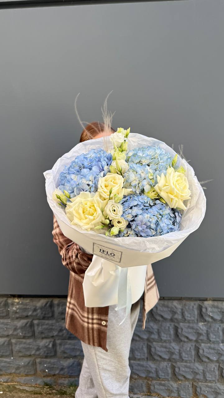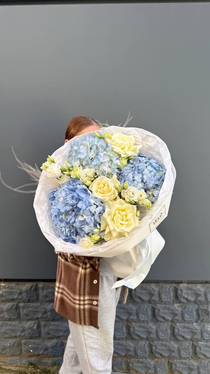гортензия, диантус, кустовая пионовидная роза, эустома, вспомогательные цветы, эвкалипт, лента, дизайнерская упаковка.
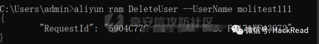 aliyun ram DeleteUser --UserName molitest111
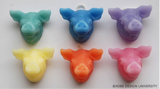 手順として、パラフィンワックスを湯煎で溶かし、既成の豚型に流しこみ、固まったワックスを型から取り出し、きれいに彫り出し完成させる。およそ10分でワックス彫刻を制作。 (写真29-写真32)
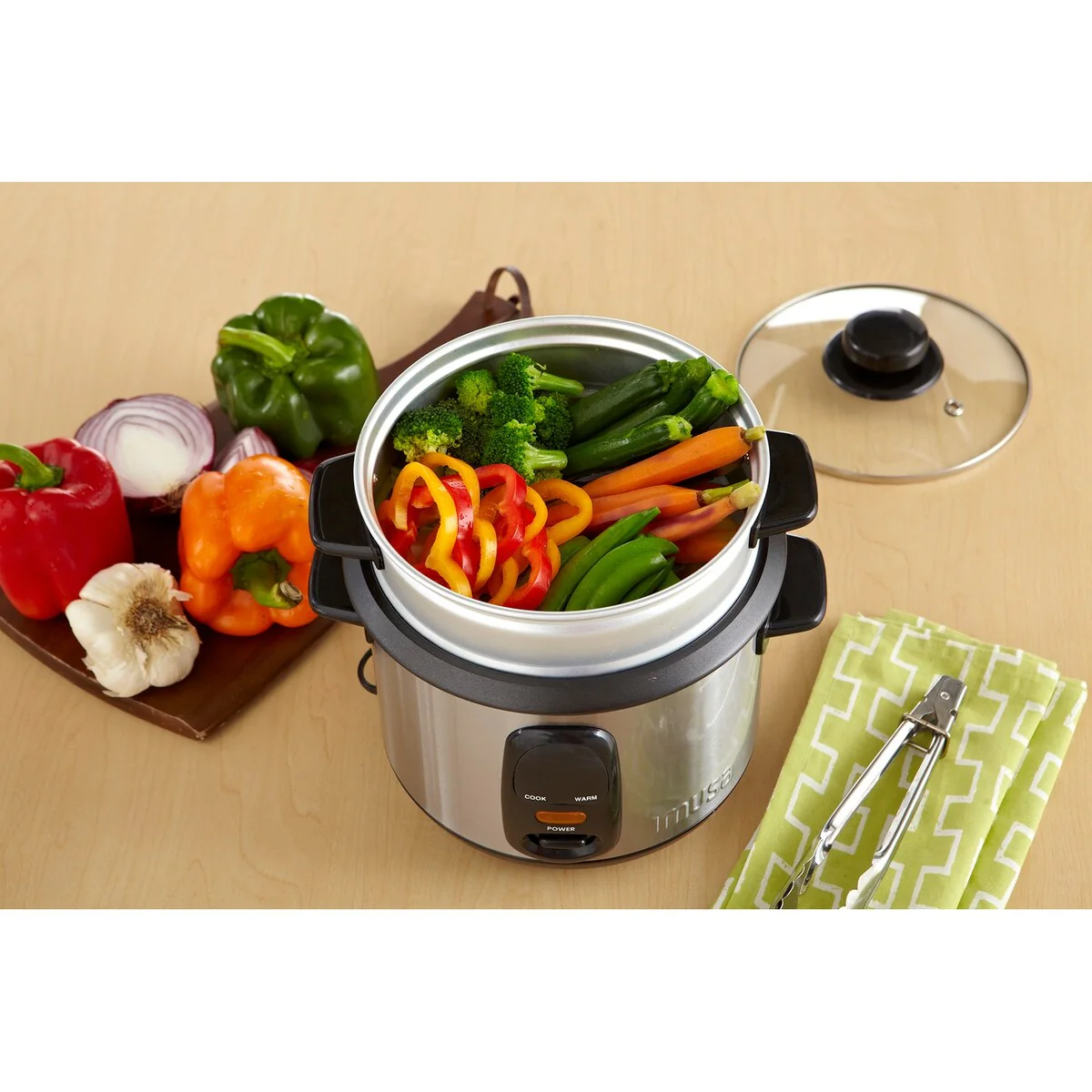 The IMUSA Stainless Steel Rice Cooker will make the perfect rice dish at the touch of a switch. The steam tray will allow you to steam your foods while your rice cooks in the pot below! Cleaning is easy with the removable nonstick coated pot, which prevents your rice and other foods from sticking. Make your favorite rice dishes, vegetables, oatmeal, and more with your IMUSA Stainless Steel Rice Cooker.Â
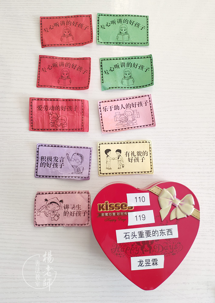 過了一個星期,小石頭又來到書法教室上課啦!這次,他帶來了更多的獎卡,給所有人更大的驚喜。
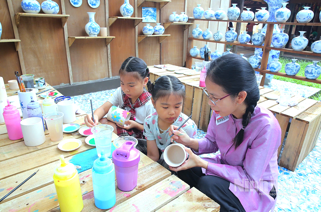Các em nhỏ thích thú với trải nghiệm làm gốm tại Không gian trưng bày làng nghề Au8807.com sân chơi giải trí Au8807.com Đăng ký tài khoản tại Bến xe Đồng Gừng (xã Ninh Hải, thành phố Hoa Lư). Ảnh: Anh Tuấn
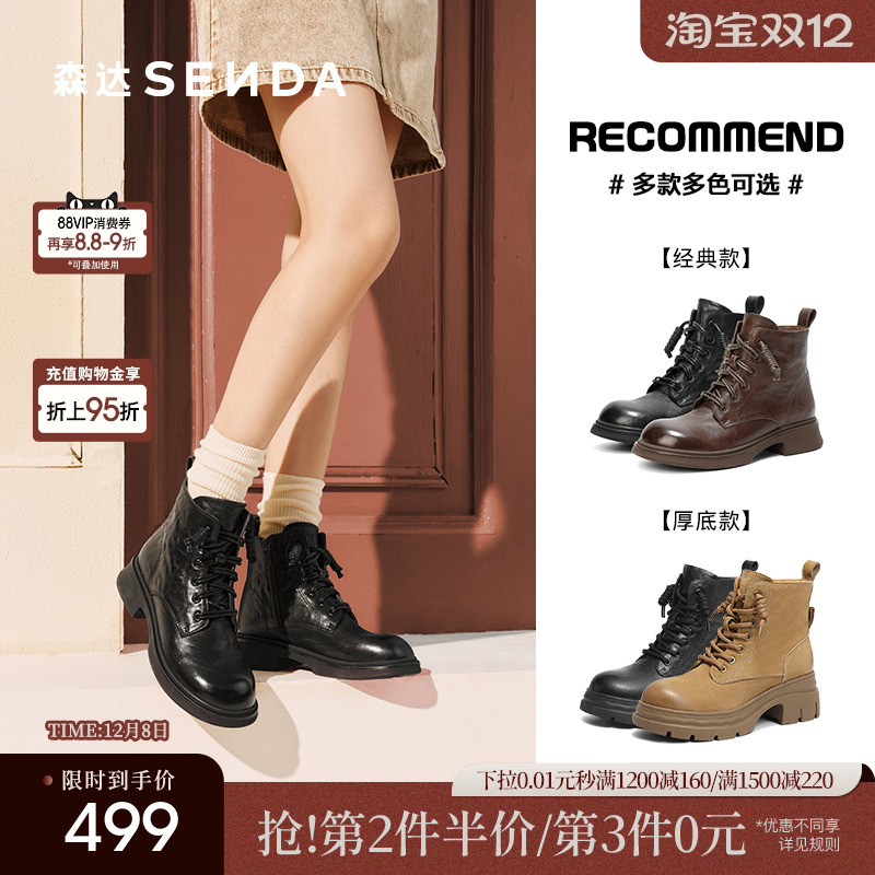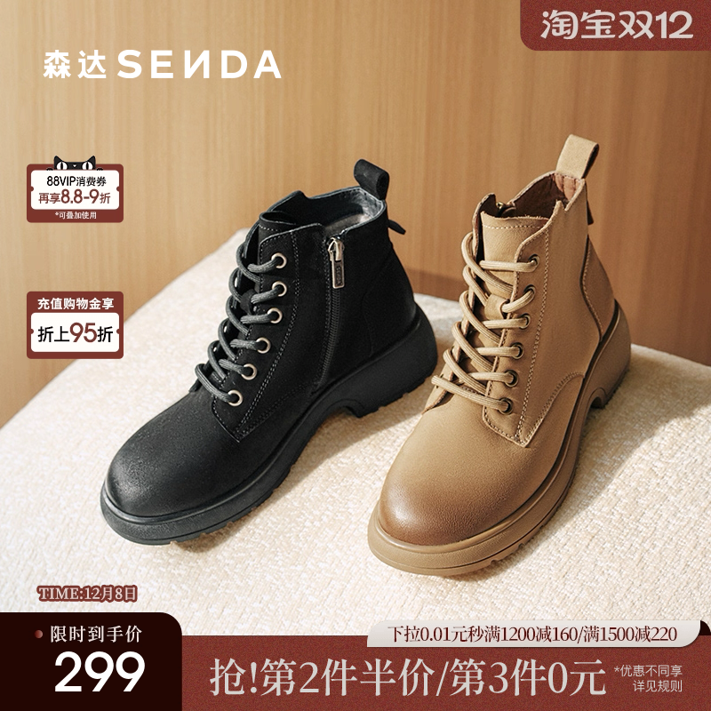 森达马丁靴女鞋冬款商场同款超软羊皮厚底机车风休闲短靴XCM01
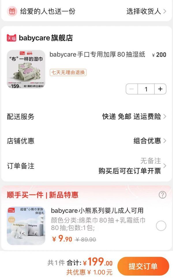 截止到今年2月,babycare通过“顺手买”的下单数达到35.8万件;以三巾系列为例,“顺手买”为三巾品类带来新客19.9万,品类新客率达到81%。
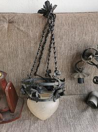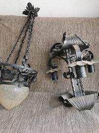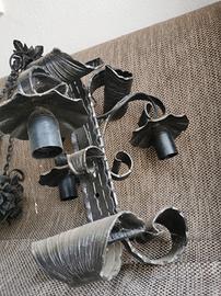 Bellissimi lampadari anni 70 in ferro battuto con porta lampade nuove.
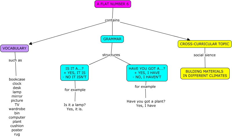 Este Cmap, tiene información relacionada con: AT FLAT NUMBER 6 (Carla y Diana), A FLAT NUMBER 6 contains GRAMMAR, A FLAT NUMBER 6 contains VOCABULARY, VOCABULARY such as bookcase clock desk lamp mirror picture TV wardrobe bin computer plant cushion poster rug, CROSS-CURRICULAR TOPIC social sience BULDING MATERIALS IN DIFFERENT CLIMATES, GRAMMAR structures IS IT A...? + YES, IT IS - NO IT ISN'T, HAVE YOU GOT A...? + YES, I HAVE - NO, I HAVEN'T for example Have you got a plant? Yes, I have, A FLAT NUMBER 6 contains CROSS-CURRICULAR TOPIC, GRAMMAR structures HAVE YOU GOT A...? + YES, I HAVE - NO, I HAVEN'T, IS IT A...? + YES, IT IS - NO IT ISN'T for example Is it a lamp? Yes, it is.
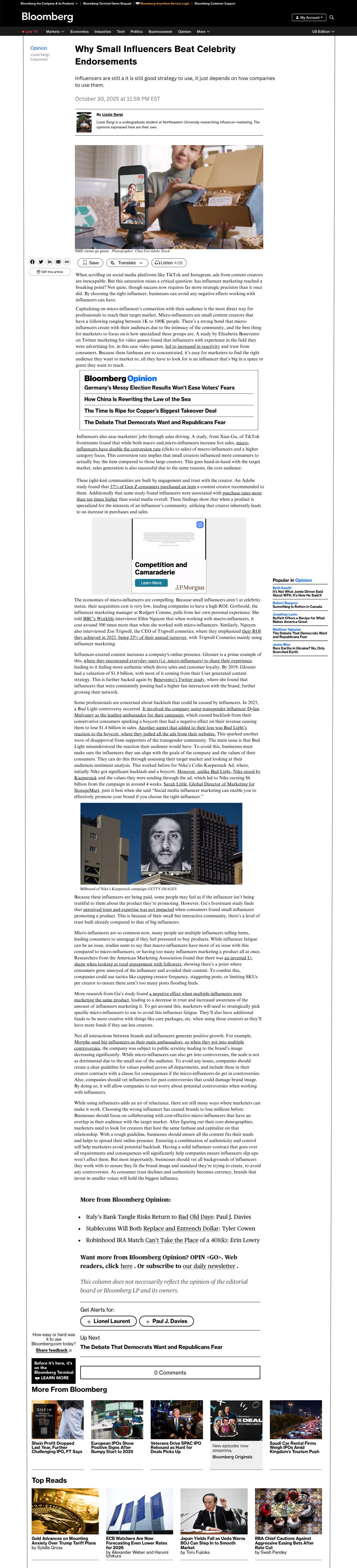 I authored a mock Bloomberg opinion article examining the nuances of current influencer marketing. The piece argues the continued effectiveness of content creators and the strategic changes shaping how brands collaborate with content creators.
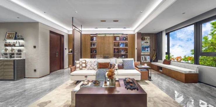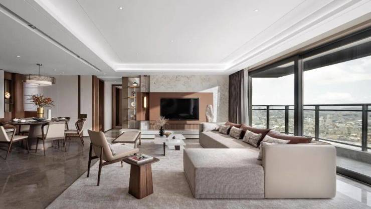 约6.5m双开间阳台 ,宛若余光中先生笔下,抬眸远望、安放闲适的都市观景台。不着痕迹地将和风好景引入室中,亦将阔达心情诉诸自然。

___

◆ TRY IT ◆
Your answer must restate the entries word for word and contain no pictures.

◆ PROBLEM SOLUTION ◆
гортензия, диантус, кустовая пионовидная роза, эустома, вспомогательные цветы, эвкалипт, лента, дизайнерская упаковка.
 aliyun ram DeleteUser --UserName molitest111
 手順として、パラフィンワックスを湯煎で溶かし、既成の豚型に流しこみ、固まったワックスを型から取り出し、きれいに彫り出し完成させる。およそ10分でワックス彫刻を制作。 (写真29-写真32)
 The IMUSA Stainless Steel Rice Cooker will make the perfect rice dish at the touch of a switch. The steam tray will allow you to steam your foods while your rice cooks in the pot below! Cleaning is easy with the removable nonstick coated pot, which prevents your rice and other foods from sticking. Make your favorite rice dishes, vegetables, oatmeal, and more with your IMUSA Stainless Steel Rice Cooker.Â
 過了一個星期,小石頭又來到書法教室上課啦!這次,他帶來了更多的獎卡,給所有人更大的驚喜。
Các em nhỏ thích thú với trải nghiệm làm gốm tại Không gian trưng bày làng nghề Au8807.com sân chơi giải trí Au8807.com Đăng ký tài khoản tại Bến xe Đồng Gừng (xã Ninh Hải, thành phố Hoa Lư). Ảnh: Anh Tuấn
 森达马丁靴女鞋冬款商场同款超软羊皮厚底机车风休闲短靴XCM01
 截止到今年2月,babycare通过“顺手买”的下单数达到35.8万件;以三巾系列为例,“顺手买”为三巾品类带来新客19.9万,品类新客率达到81%。
 Bellissimi lampadari anni 70 in ferro battuto con porta lampade nuove.
 Este Cmap, tiene información relacionada con: AT FLAT NUMBER 6 (Carla y Diana), A FLAT NUMBER 6 contains GRAMMAR, A FLAT NUMBER 6 contains VOCABULARY, VOCABULARY such as bookcase clock desk lamp mirror picture TV wardrobe bin computer plant cushion poster rug, CROSS-CURRICULAR TOPIC social sience BULDING MATERIALS IN DIFFERENT CLIMATES, GRAMMAR structures IS IT A...? + YES, IT IS - NO IT ISN'T, HAVE YOU GOT A...? + YES, I HAVE - NO, I HAVEN'T for example Have you got a plant? Yes, I have, A FLAT NUMBER 6 contains CROSS-CURRICULAR TOPIC, GRAMMAR structures HAVE YOU GOT A...? + YES, I HAVE - NO, I HAVEN'T, IS IT A...? + YES, IT IS - NO IT ISN'T for example Is it a lamp? Yes, it is.
 I authored a mock Bloomberg opinion article examining the nuances of current influencer marketing. The piece argues the continued effectiveness of content creators and the strategic changes shaping how brands collaborate with content creators.
 约6.5m双开间阳台 ,宛若余光中先生笔下,抬眸远望、安放闲适的都市观景台。不着痕迹地将和风好景引入室中,亦将阔达心情诉诸自然。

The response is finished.